Shirley Jackson is a vivid horror writer, not vivid as in blood and gore, but like her most famous short story, The Lottery, her depictions of the horrors of human cruelty are ones that last in your imagination forever. Since reading that short story in junior high, I'd never tried anything else by the author and am happy to have finally discovered her again with the short novel We Have Always Lived In the Castle, a chilling, twisted, smart, haunting book about a family rocked by murder, insanity, suspicion and class warfare.
Merricat Blackwood (named by Book Magazine as one of The 100 Best Fictional Characters Since 1900) is your narrator, a strange child of eighteen and one of the only surviving members of a prominent family that was killed at breakfast when someone put arsenic in their sugar. Constance, her older sister was acquitted of the murders and poor Uncle Julian's body and mind were permanently warped by his non lethal dosage. Together the three of them, along with Jonas, the cat, live in an old mansion apart from the rest of the village. They are completely sheltered from the outside world except for the two days a week Merricat goes into the village for goods and must endure the stares and laughter of the villagers, and Sundays when members of other prominent families bravely take tea with the two mysterious girls.
Their beloved castle is under the protection of Merricat's sympathetic magic described by wikipedia as:
“a type of magic based on imitation or correspondence. Imitation involves using effigies or poppets to affect the environment of people, or occasionally people themselves. Correspondence is based on the idea that one can influence something based on its relationship to another thing.”
For example, she buries items like a box of silver coins and nails her father's books to the surrounding trees to keep out strangers, and once that book falls, she knows danger is imminent.
That danger comes in the form of Uncle Charles, a thieving manipulator who can fool the frail Constance, but not so easily the equally manipulative Merricat who envisions different ways he could die (turning him into a fly and leaving him in a spiders web, or perhaps just stomping him to death in the garden…) during his very unappreciated visit. His presence sparks the end of their structured way of living and after an eruption of fire and violence, marks the beginning of a new far weirder secluded way of living for the two sisters.

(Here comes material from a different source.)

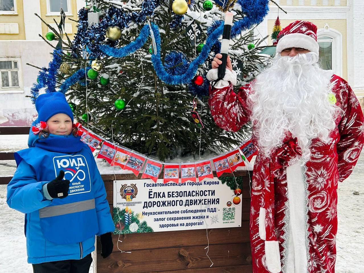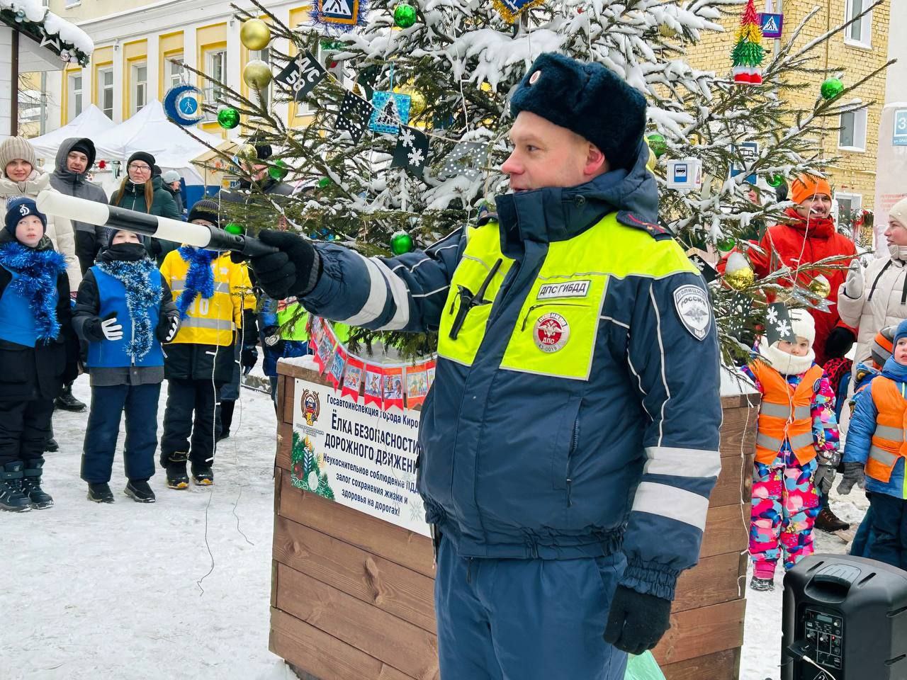 В минувшие выходные дни на улице Спасской областного центра прошло торжественное открытие новогодней елки, украшенной игрушками в виде дорожных знаков. Юные инспекторы дорожного движения г.Кирова заранее изготовили тематические украшения на елку. Развешивая их, и ребята, и полицейские загадывали желания, главное из которых – чтобы для каждого Новый год был счастливым и безопасным.

It's part Grey Gardens, part Tim Burton (who would have a grand time adapting this), part old timey Gaslight thriller, and I loved it. It was interesting to find out that Jackson was an agoraphobic herself, which is probably why the extremely eccentric but happy sisters are sympathetic and oddly relatable while all the outsiders are depicted as cruel or petty. While Jackson is not as well known today as she deserves to be, this, her last novel did come out in a new edition in 2007 with a smart looking cover featuring an illustration by Thomas Ott (pictured) but the original cover is also pretty wonderful and both adorn an equally great read.